The initiative for founding INTA came from France. The Congres International des Villes Nouvelles was held in Paris from 13 to 15 November 1975 with 240 delegates from 25 countries. Remarkably enough, it was an American, M. Apgar IV, who made the suggestion
in the final resolution to form an ‘International Association of New Towns’, aimed at providing a worldwide forum to exchange experiences relating to the problems and possibilities of new towns and to stimulate research in this field. An international working  group led by the Frenchman M. Boscher was to come up with a concrete elaborated proposition within eight months. The resolution was passed by common consent. It was no coincidence that INTA was founded in France. The British new towns programme had begun in 1946 and was largely completed. The programme for the villes nouvelles was not formulated until 1966 and was realized from the late 1960s. In 1975, development and building was still in full swing. As a result of the oil crisis and significant stagnation in population growth, radical changes were necessary. So while the British new towns movement was well past its highest point, plenty of thinking and building was still going on in France. And there was a continuous need for knowledge, particularly about experiences abroad. With this situation as background, it can come as no surprise that the initiative for founding INTA came from France. Similarly, it is not strange that the UK, which saw itself as the birthplace of the new towns concept, demanded a role in the new organization.

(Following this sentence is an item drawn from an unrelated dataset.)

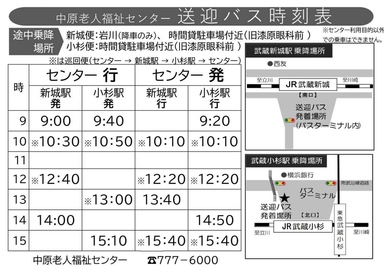 - 時刻表の表示はありません。武蔵新城駅または武蔵小杉駅の出発時刻から10分前後で到着予定ですが、交通事情により異なることがあります。なお、巡回バスの場合は、武蔵小杉駅を出発した時刻の10分前後になるのでご注意ください。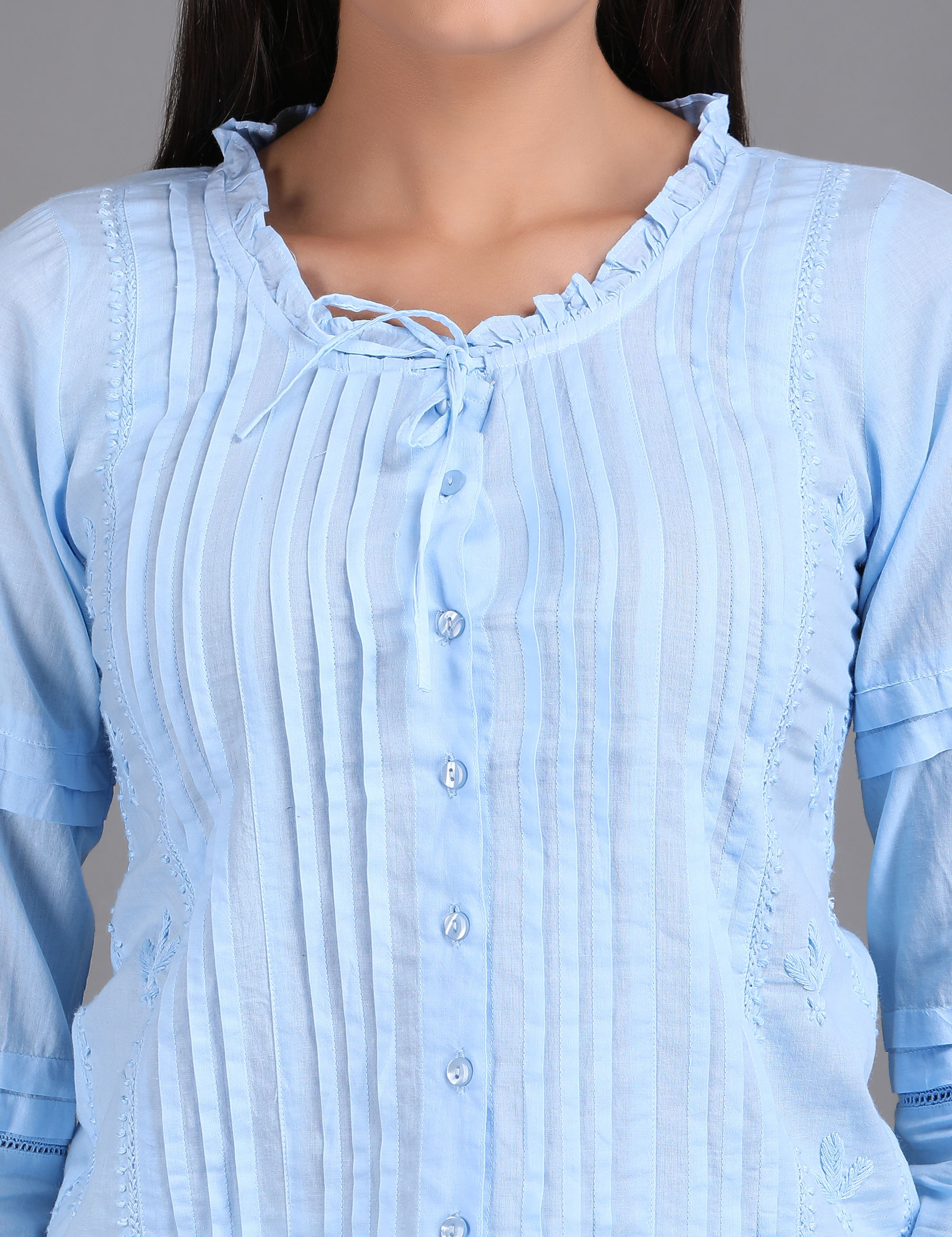Neckline: Ruffled round neck with tie-up detail

When asked, a British official gave the following clear insight into the latent conflict of interests:

"So far as the political context is concerned, my understanding was that, to a substantial extent at least, British involvement in INTA came about because the British government was anxious to sell our new towns skill abroad and it was felt that if we did not become involved in the infant international organization, the French would take over and reap the benefit therefrom."

It is striking that in the official deed of formation from June 1976, not only the UK and France are mentioned as founding members, but also the USA. Unlike in Europe, new towns there were not established by the state, but by property developers. The Urban Land Institute (ULI) had developed after the Second World War into a global organization in the field of property development.

This institutional tradition was to have a strong influence on INTA. But the USA probably had a hidden agenda as well. The first oil crisis had sharpened the geopolitical conflict of interests between the USA and the Soviet Union; the Cold War was not yet over. Their international character made organizations such as ULI and INTA eminently suitable to defend American political and economic interests, particularly in strategic and vulnerable areas like the Middle and Far East and Africa. Was it a coincidence that the first INTA congress took place in Tehran, a few months after the first big student protests against the Shah had begun?